St Mirren had never been the same since they left the old Love Street, a quaint old ground with loads of character and history. For us, of course, there are the happy memories of the “Albert Kidd” day in the rain in 1986. May 3 1986 was not all about Albert, however. Celtic’s first half performance that day will live in the memory for long, and if they had played anything like that earlier in the season, they would have won a domestic treble with a degree of ease. On the other hand, there was that awful night at the new St Mirren stadium in March 2010 when a 0-4 thrashing was the catalyst for the axe for the luckless Tony Mowbray who, likeable man though he was, was simply not up to the awesome demands of the job.

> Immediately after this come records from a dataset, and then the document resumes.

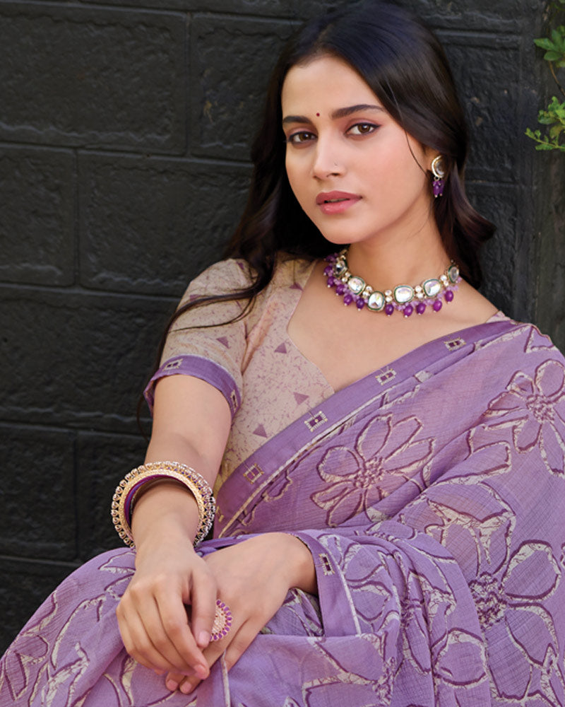 Vishal Prints Light Pastel Purple Printed Chiffon Saree With Fancy Border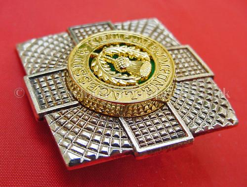 Royal Scots Officers cap badge in excellent condition retaining its highlights, unissued and unworn, a very fine heavy quality badge that has a nice feel and look to it.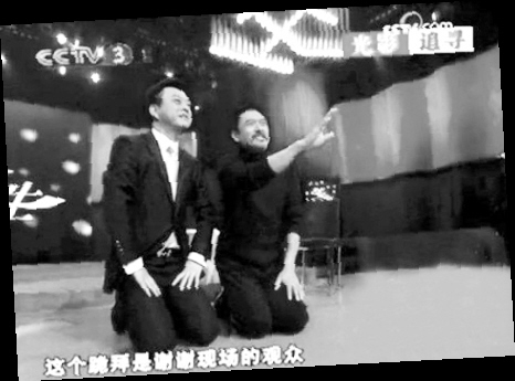 周潤發(突然拉著朱軍,面對現場觀眾跪了下來):讓你感受一下《孔子》是如何復原兩千年前的真實生活的。(接著以額貼地,實實在在地給觀眾叩了一個頭)這個跪拜是謝謝現場的觀眾。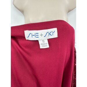She + Sky Ruby Red Sequin Romper With Long Sleeves & Tie Waist Size Small

Celtic were scheduled for lunch time on Sunday March 5. By that time we knew that last year’s finalists were through to the semi-finals, Rangers having thrashed a weak and disappointing Hamilton side 6-0 at Ibrox, and Hibs having a little more difficulty in getting the better of Ayr United at Easter Road. St Mirren, by any standards were having a poor season. Ill supported by the town of Paisley, they had a good Manager in Jack Ross, but he had inherited a very poor squad and this season was a perpetual battle against relegation from the Championship into Division One. They eventually succeeded in retaining their status, and indeed reached the final of the Championship Challenge Trophy, but no-one will say that 2016/17 was a vintage season for the Buddies.
But today at Parkhead in front of another disappointing crowd of 27, 455, who impressively stood in silence for Tommy Gemmell who had died during the week, St Mirren with nothing to lose and rather enjoying the media attention (being on TV was a rare event for the Buddies) played a good first half, and a major seismic shock was feared when half-time was reached with St Mirren 1-0 up! The goal had come from a free kick, headed down by John Sutton (brother of Chris) into the path of Harry Davis (a man with the same name as a Rangers player of the early 1960s but presumably no relation) who put St Mirren one up.
Celtic took off Gary Mackay-Steven who was not having his best game and replaced him with Patrick Roberts. It would be nice to say that the effect was dramatic and instantaneous but in fact it wasn’t and indeed St Mirren might well have gone two up when a ball was driven into the Celtic penalty area, hit Dembele (of all people!) and bounced up to hit the bar and come down on the right side of the line and just out of the reach of a St Mirren forward. One would have had to admit that Celtic were lucky there.
It would have been difficult for Celtic to come back from that, but as it happened, Celtic then scored twice in a few minutes, added a third 10 minutes later before Leigh Griffiths finished it all off with a fourth. The first came from Mikael Lustig when he headed home a Roberts free kick, and then with the Paisley defence still struggling to come to terms with that one, Scott Sinclair showed just why he is so highly rated by the Celtic supporters. With several St Mirren defenders between him and the goal as he ran towards them on the left, he suddenly with the side of his foot, curled home a shot into the roof of the net. Simple!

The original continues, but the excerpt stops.